| Required action |
Return the data exactly, without pictures.
*** Block opens ***
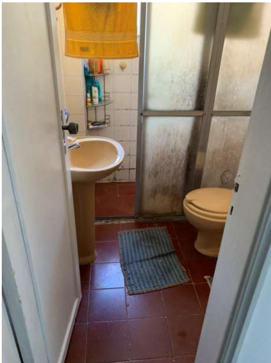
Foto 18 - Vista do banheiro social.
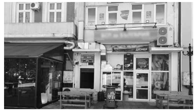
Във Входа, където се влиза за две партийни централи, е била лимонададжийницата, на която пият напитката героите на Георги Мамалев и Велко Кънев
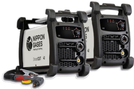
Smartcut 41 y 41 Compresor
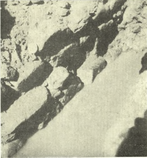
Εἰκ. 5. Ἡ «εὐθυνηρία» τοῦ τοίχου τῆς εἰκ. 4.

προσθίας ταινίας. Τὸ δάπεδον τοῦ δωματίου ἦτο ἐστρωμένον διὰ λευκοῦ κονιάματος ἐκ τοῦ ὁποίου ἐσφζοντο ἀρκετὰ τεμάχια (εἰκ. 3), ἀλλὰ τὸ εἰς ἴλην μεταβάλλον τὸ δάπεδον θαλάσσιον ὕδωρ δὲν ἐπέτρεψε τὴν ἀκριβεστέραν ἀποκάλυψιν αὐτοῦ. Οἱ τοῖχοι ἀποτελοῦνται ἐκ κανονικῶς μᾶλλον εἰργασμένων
*** Block closes ***
| Solution for this exercise |
Foto 18 - Vista do banheiro social.
Във Входа, където се влиза за две партийни централи, е била лимонададжийницата, на която пият напитката героите на Георги Мамалев и Велко Кънев
Smartcut 41 y 41 Compresor
Εἰκ. 5. Ἡ «εὐθυνηρία» τοῦ τοίχου τῆς εἰκ. 4.

προσθίας ταινίας. Τὸ δάπεδον τοῦ δωματίου ἦτο ἐστρωμένον διὰ λευκοῦ κονιάματος ἐκ τοῦ ὁποίου ἐσφζοντο ἀρκετὰ τεμάχια (εἰκ. 3), ἀλλὰ τὸ εἰς ἴλην μεταβάλλον τὸ δάπεδον θαλάσσιον ὕδωρ δὲν ἐπέτρεψε τὴν ἀκριβεστέραν ἀποκάλυψιν αὐτοῦ. Οἱ τοῖχοι ἀποτελοῦνται ἐκ κανονικῶς μᾶλλον εἰργασμένων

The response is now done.